Cole's preferences relevant here

  • No backwards-compat shims — if old behavior is replaced, replace it cleanly. Don't keep both paths "just in case."
  • Default to no comments in code; only when the why is non-obvious.
  • Hard kill switches required on both changes. For Phase 1 = no flag means existing behavior preserved. For Phase 2 = TELEGRAM_DIGEST_CARDS=0 reverts to text-only digest.
  • Surgical changes — don't refactor adjacent code. Match existing style of the file you're editing.
  • Verification before claiming done — run the test plan above and show output. Don't claim "verified" unless you actually ran it.
  • WarehouseAPI is NOT involved in this work — don't touch it.

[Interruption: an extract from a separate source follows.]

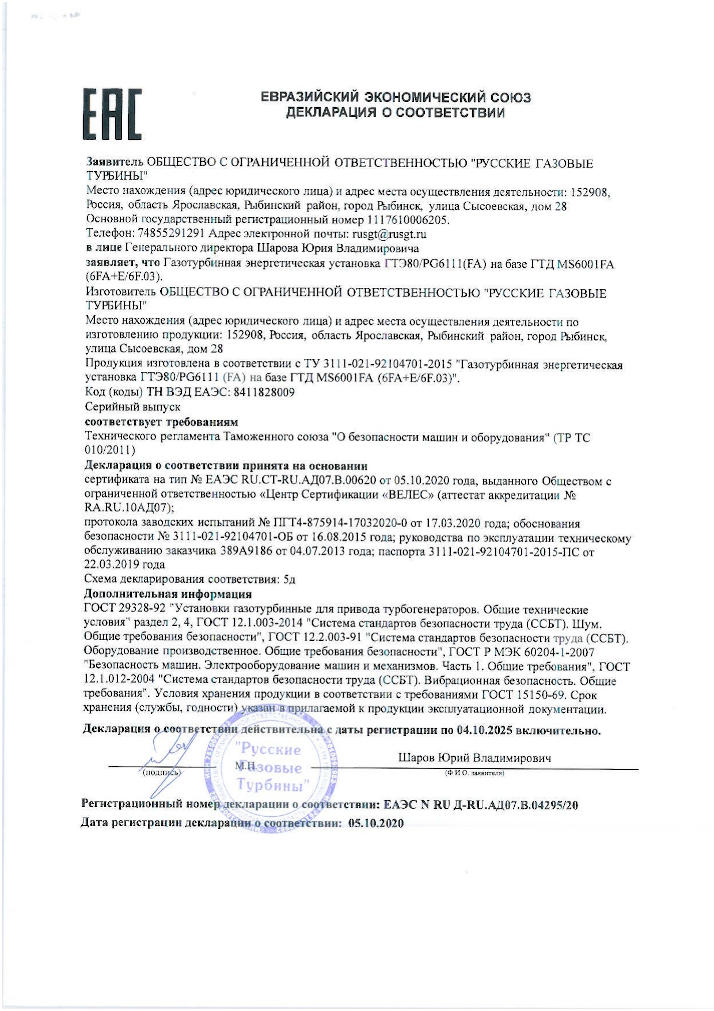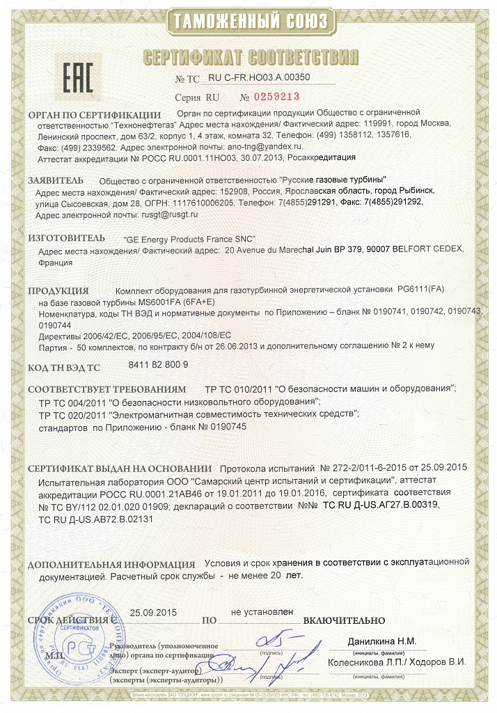 Газотурбинная установка 6F.03 (6FA) сертифицирована согласно требованиям Технических Регламентов Таможенного Союза и получены сертификаты соответствия:

What the prior session (this one) confirmed

  • Current tier1_log.jsonl: does not exist (0 applies).
  • Current feedback.jsonl: 1 row from 2026-06-12.
  • Current pending/: 1 thread (2026-06-16-2066882971374678057-*.md) waiting for digest drain.
  • Current done/: 10 threads processed since late May, regular cadence.
  • Telegram watcher has zero callback_query / inline-keyboard support today (greenfield for Phase 2).
  • Scrape ran successfully this morning 06:44 — pipeline upstream of these changes is healthy.

If you discover anything else broken upstream while doing this work, log it to agent-council.md rather than fixing it inline. Stay scoped.

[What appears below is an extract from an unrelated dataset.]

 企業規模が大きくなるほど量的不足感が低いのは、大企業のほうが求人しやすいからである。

Build Phase 1 first. Verify it produces tier1_log.jsonl rows. THEN build Phase 2. Phase 1 is lower-risk (file-system + existing Claude session pattern), and once it ships, Cole gets visible Tier 1 activity even before Phase 2 lands.

Good luck. Update execution log in ~/ai-projects/mission-control/plans/telegram-digest-loop-closer.md as you work.